* [Work to be completed]: Going line by line through the records below, write out everything starting with the line containing "صفحه نخست روزنامه‌های‌ یک‌شنبه ۵ بهمن ۱۴۰۴" and going on through the line containing "2015年11月20日下午,15級農(n", exactly and inclusively. Pictures do not go in.

(Beginning of Provided records)

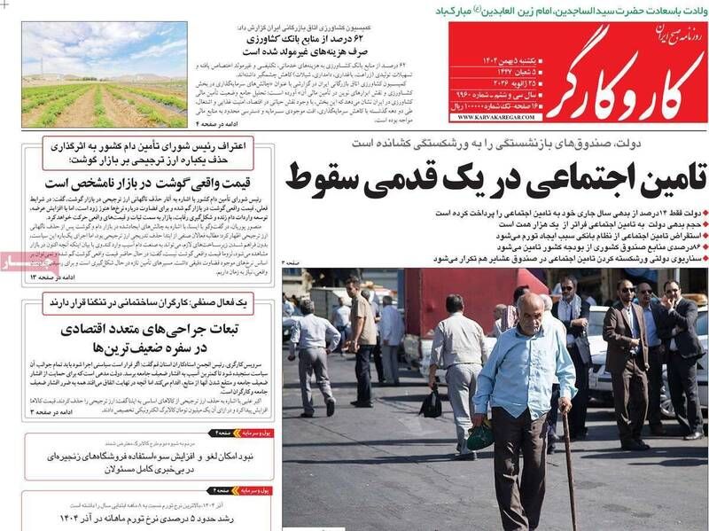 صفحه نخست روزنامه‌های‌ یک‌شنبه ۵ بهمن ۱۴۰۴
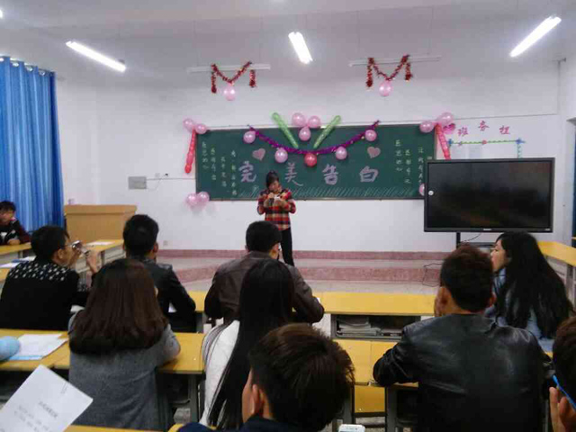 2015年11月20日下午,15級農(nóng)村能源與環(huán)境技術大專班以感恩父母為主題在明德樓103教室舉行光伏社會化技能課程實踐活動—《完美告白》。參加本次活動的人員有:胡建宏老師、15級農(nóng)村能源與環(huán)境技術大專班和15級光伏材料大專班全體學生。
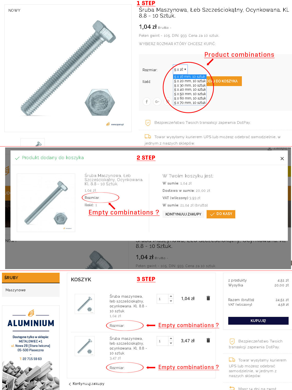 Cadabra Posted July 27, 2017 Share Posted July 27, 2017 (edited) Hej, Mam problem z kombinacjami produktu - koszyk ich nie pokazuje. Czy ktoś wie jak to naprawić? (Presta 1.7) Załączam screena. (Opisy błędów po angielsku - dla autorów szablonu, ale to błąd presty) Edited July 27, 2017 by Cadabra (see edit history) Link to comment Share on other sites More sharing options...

(End of Provided records)
(Beginning of Provided records)

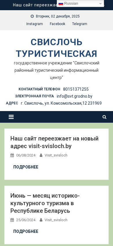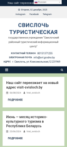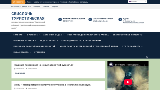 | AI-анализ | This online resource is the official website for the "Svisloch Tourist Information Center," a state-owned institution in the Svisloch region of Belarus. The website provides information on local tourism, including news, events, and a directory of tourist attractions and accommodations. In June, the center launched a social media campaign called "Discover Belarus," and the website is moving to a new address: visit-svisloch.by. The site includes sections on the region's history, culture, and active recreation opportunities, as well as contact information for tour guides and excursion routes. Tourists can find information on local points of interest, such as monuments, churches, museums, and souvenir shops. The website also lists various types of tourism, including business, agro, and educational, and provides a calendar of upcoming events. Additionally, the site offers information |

(End of Provided records)
(Beginning of Provided records)

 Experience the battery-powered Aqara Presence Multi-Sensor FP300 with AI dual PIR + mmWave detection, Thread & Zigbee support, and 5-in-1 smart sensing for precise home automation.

(End of Provided records)

* [Output of the exercise]:
 صفحه نخست روزنامه‌های‌ یک‌شنبه ۵ بهمن ۱۴۰۴
 2015年11月20日下午,15級農(nóng)村能源與環(huán)境技術大專班以感恩父母為主題在明德樓103教室舉行光伏社會化技能課程實踐活動—《完美告白》。參加本次活動的人員有:胡建宏老師、15級農(nóng)村能源與環(huán)境技術大專班和15級光伏材料大專班全體學生。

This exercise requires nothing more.